Monday, August 01, 2011
The View from my Bicycle [COLUMN]
Balls or Bullshit? - by Nick van der Leek
Over the past week, from two different sources I've seen demonstrations that show how what we see is sometimes bullshit. There's an excuse for all of us when that happens, call it bad wiring. The amusing thing is even when shown that what we perceive is wrong, we cannot see it differently. Watch this video to see what I'm jabbering on about.
Far more pernicious, of course, are our own personal delusions. Sometimes people are literally bullshitters. Sometimes it's not others, it's us. For example, we might be selling a story that we're working harder than anyone else, we're going for the gold medal, but then we end up with the bronze. Take Cameron van der Burgh, I interviewed him a few weeks earlier. At the time he was a world champion breastroker. Now, alas, no longer. What's happened since then? He has been on TV and in magazines, and perhaps he will have to carefully examine whether he wants to continue on the Ryk Route (win a medal, swing it in everyone's face and schmooze with schlebs)or try to go back to being an authentic champion. In other words, grow back some balls.
I like Phelp's humility. He hates coming second, and is not scared to show it. He also doesn't find excuses. You either work hard enough, or you don't. The same applies across the board. Luck is a factor, but if you haven't got yourself ready for a certain level of performance, no matter how lucky or unlucky you get, it's not going to matter.
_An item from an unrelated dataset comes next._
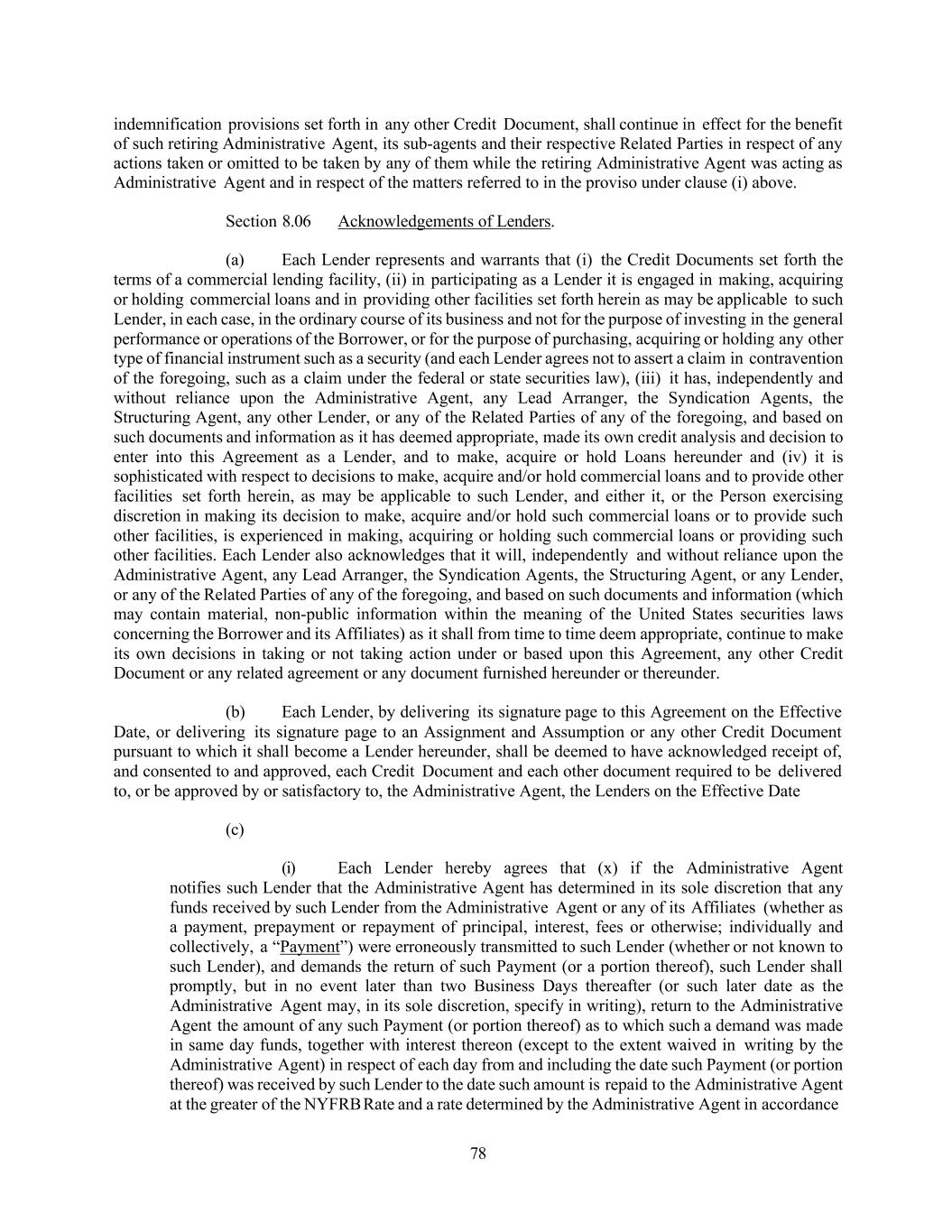 78 indemnification provisions set forth in any other Credit Document, shall continue in effect for the benefit of such retiring Administrative Agent, its sub-agents and their respective Related Parties in respect of any actions taken or omitted to be taken by any of them while the retiring Administrative Agent was acting as Administrative Agent and in respect of the matters referred to in the proviso under clause (i) above. Section 8.06 Acknowledgements of Lenders. (a) Each Lender represents and warrants that (i) the Credit Documents set forth the terms of a commercial lending facility, (ii) in participating as a Lender it is engaged in making, acquiring or holding commercial loans and in providing other facilities set forth herein as may be applicable to such Lender, in each case, in the ordinary course of its business and not for the purpose of investing in the general performance or operations of the Borrower, or for the purpose of purchasing, acquiring or holding any other type of financial instrument such as a security (and each Lender agrees not to assert a claim in contravention of the foregoing, such as a claim under the federal or state securities law), (iii) it has, independently and without reliance upon the Administrative Agent, any Lead Arranger, the Syndication Agents, the Structuring Agent, any other Lender, or any of the Related Parties of any of the foregoing, and based on such documents and information as it has deemed appropriate, made its own credit analysis and decision to enter into this Agreement as a Lender, and to make, acquire or hold Loans hereunder and (iv) it is sophisticated with respect to decisions to make, acquire and/or hold commercial loans and to provide other facilities set forth herein, as may be applicable to such Lender, and either it, or the Person exercising discretion in making its decision to make, acquire and/or hold such commercial loans or to provide such other facilities, is experienced in making, acquiring or holding such commercial loans or providing such other facilities. Each Lender also acknowledges that it will, independently and without reliance upon the Administrative Agent, any Lead Arranger, the Syndication Agents, the Structuring Agent, or any Lender, or any of the Related Parties of any of the foregoing, and based on such documents and information (which may contain material, non-public information within the meaning of the United States securities laws concerning the Borrower and its Affiliates) as it shall from time to time deem appropriate, continue to make its own decisions in taking or not taking action under or based upon this Agreement, any other Credit Document or any related agreement or any document furnished hereunder or thereunder. (b) Each Lender, by delivering its signature page to this Agreement on the Effective Date, or delivering its signature page to an Assignment and Assumption or any other Credit Document pursuant to which it shall become a Lender hereunder, shall be deemed to have acknowledged receipt of, and consented to and approved, each Credit Document and each other document required to be delivered to, or be approved by or satisfactory to, the Administrative Agent, the Lenders on the Effective Date (c) (i) Each Lender hereby agrees that (x) if the Administrative Agent notifies such Lender that the Administrative Agent has determined in its sole discretion that any funds received by such Lender from the Administrative Agent or any of its Affiliates (whether as a payment, prepayment or repayment of principal, interest, fees or otherwise; individually and collectively, a “Payment”) were erroneously transmitted to such Lender (whether or not known to such Lender), and demands the return of such Payment (or a portion thereof), such Lender shall promptly, but in no event later than two Business Days thereafter (or such later date as the Administrative Agent may, in its sole discretion, specify in writing), return to the Administrative Agent the amount of any such Payment (or portion thereof) as to which such a demand was made in same day funds, together with interest thereon (except to the extent waived in writing by the Administrative Agent) in respect of each day from and including the date such Payment (or portion thereof) was received by such Lender to the date such amount is repaid to the Administrative Agent at the greater of the NYFRB Rate and a rate determined by the Administrative Agent in accordance

Now most of us are not Olympic swimmers, but it is useful to apply this psychology to our own lives. Sometimes, especially when you want something badly enough, you have to be cruel to be kind. Sometimes that means recognising an addiction, or a bad habit, or some other weakness. Recognise it, then do something about it. In nature, if you fail to respond to or adapt to a particular change, you die. In the world, you may not die, but you will fail. To stop procrastinating (bullshitting) requires high levels of no nonsense assertiveness. Get honest. On the other end of the spectrum, is perfectionism. Perfectionism attempts to do EVERYTHING right. Perfectionism is a necessary evil for success, but left unchecked it is also a sure path to making ourselves and others miserable.
In short, we need the balls to recognise and call ourselves on our own bullshit, but we also have to discern what level of perfection works...for ourselves, and others. That recipe is not an easy one to discover, in ourselves, and even harder, to maintain. The problem with perfectionism is that it needs to be balanced. Too little, and you're going nowhere. Too much and you're holding the controls far too tightly, and you're either going to stall or burn out the engines (crashing in either case). What then is the ingredient that keeps us sensible? Humility. I'm afraid it doesn't mix well with either success or vanity. Hard work, in service to a meaningful goal (beyond merely our own edification) keeps us humble. And humility keeps us happy.